1. This step can be omitted if, after public discussion, the proposal is dropped. If the proposal is dropped, the process stops.
2. Submitting a proposal costs 100 FLR to limit abuse. This number might need to be adjusted as the system evolves.
3. If the proponent submits the chill proposal too early or without enough public discussion, the proposal may not have gained enough traction nor meet the quorum condition required for the voting to pass (See 3.a below). Proponents should submit a proposal only when they are reasonably sure it will meet the quorum condition.
4. The proposal must contain the forum thread URL where the discussion happened.

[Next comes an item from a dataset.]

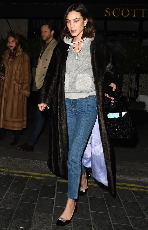14 января Алекса Чанг отправилась на ужин в один из лондонских ресторанов вместе с компанией друзей. Старательно продумывать наряд для этого события модница не стала: кажется, что она просто надела все любимые вещи разом. «Бабушкину» шубу до пят с шелковой подкладкой лавандового цвета, удобные джинсы из темного денима, худи с карманами на животе и кожаные черные туфли на невысоком каблуке с отделкой из камней. Финальным штрихом образа выступила мерцающая черная сумка-корзинка. И кто бы мог подумать, что все эти вещи будут отлично смотреться вместе?
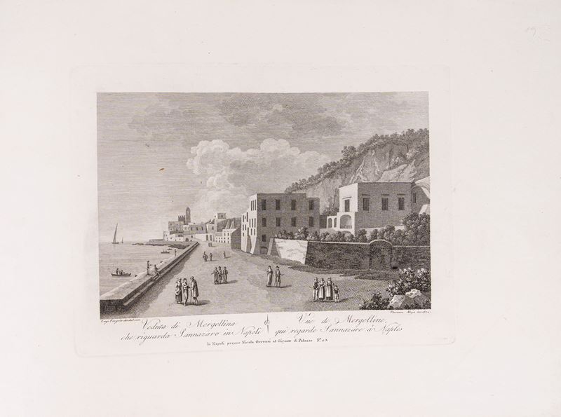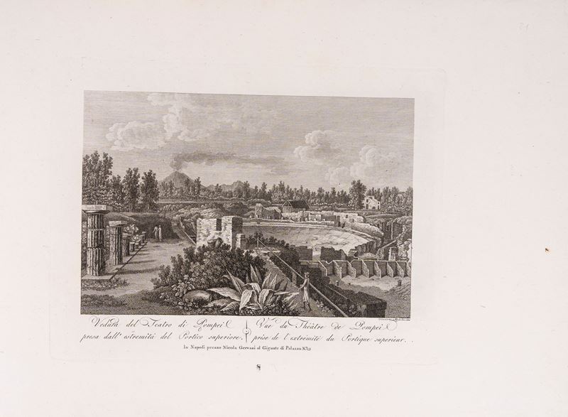 Napoli, Gervasi, [1806?] In folio oblungo (cm 50x35). Antiporta inciso in rame, frontespizio con vignetta, con 27 tavole incise da Aloja e datate tra il 1804 e il 1806 (di cui la Veduta di Pozzuoli staccata), didascalie in italiano e francese, lievi fioriture e arrossature su alcune carte, nell'esemplare sono presenti ulteriori due carte sciolte con l'antiporta e il frontespizio, rinforzo al margine interno, legatura posteriore in mezza pelle con angoli e carta marmorizzata, fregi in oro al dorso, lievi difetti. Ex libris cartaceo al contropiatto.

Only this URL to the discussion is stored on-chain.
5. Once the proposal is submitted on-chain, the proponent receives a proposal ID, which they must submit to the forum thread so all participants know which proposal to vote on.
6. Voting starts immediately after proposal submission.
7. Each group member has one vote.
8. Group members can cast their votes on the PollingFtso voting contract, using the proposal ID provided by the proponent on the discussion thread. The address of the contract will be present in a prominent place in the forum.
9. Voting lasts for 48h.
10. Proposals can also be submitted by the Flare Foundation.
Voting conditions

A vote only passes if both these conditions are met:
1. Quorum condition (threshold): 66% of the current number of members of the management group must cast a vote.
2. Majority condition: More than 50% of the current number of members of the management group vote for the proposal.
Voting results
1. If the chill proposal passes, the Flare Foundation chills the proposed FTSO data provider.
2. The Flare Foundation reserves the right to not act upon the results of the voting.

2.3 Chill Effects

When a provider is chilled for the first time, it is removed from the FTSO data providers whitelist and it cannot re-apply for 2 FTSO reward epochs. When providers are punished in this way, they cannot submit prices, get rewards or participate in the FTSO management group.

After this chill period, the provider can re-apply for the whitelist.
When a provider is chilled for the second time, it is permanently banned from the whitelist.

3. Link to Code Repository

A web forum will be available at the address https://forum.flare.network, hosted by the Flare Foundation.

A new contract called PollingFtso will be deployed to take care of voting on chill proposals.

Right after deploying it, a call will be made to the setMaintainer method to set the maintainer of the contract. This will be the only address authorized to add and remove management group members, and to change parameters.

4. Proposed Implementation Date Range

Implementation is expected to start shortly after the voting finishes and be completed quickly.

Because of the urgent need to add a regulatory mechanism to the FTSO data provider community, this proposal is being simultaneously submitted to the Flare (FIP.02) and Songbird networks (STP.03).

5. Duration of the Proposed Changes

The FTSO management group will operate under the proposed conditions only until a staking mechanism for data providers is implemented.

6. Voting Details

To pass, the proposal requires a simple majority of votes in favor of it.

7. Deadline for Voting

One week after the proposal is published in the Flare Portal.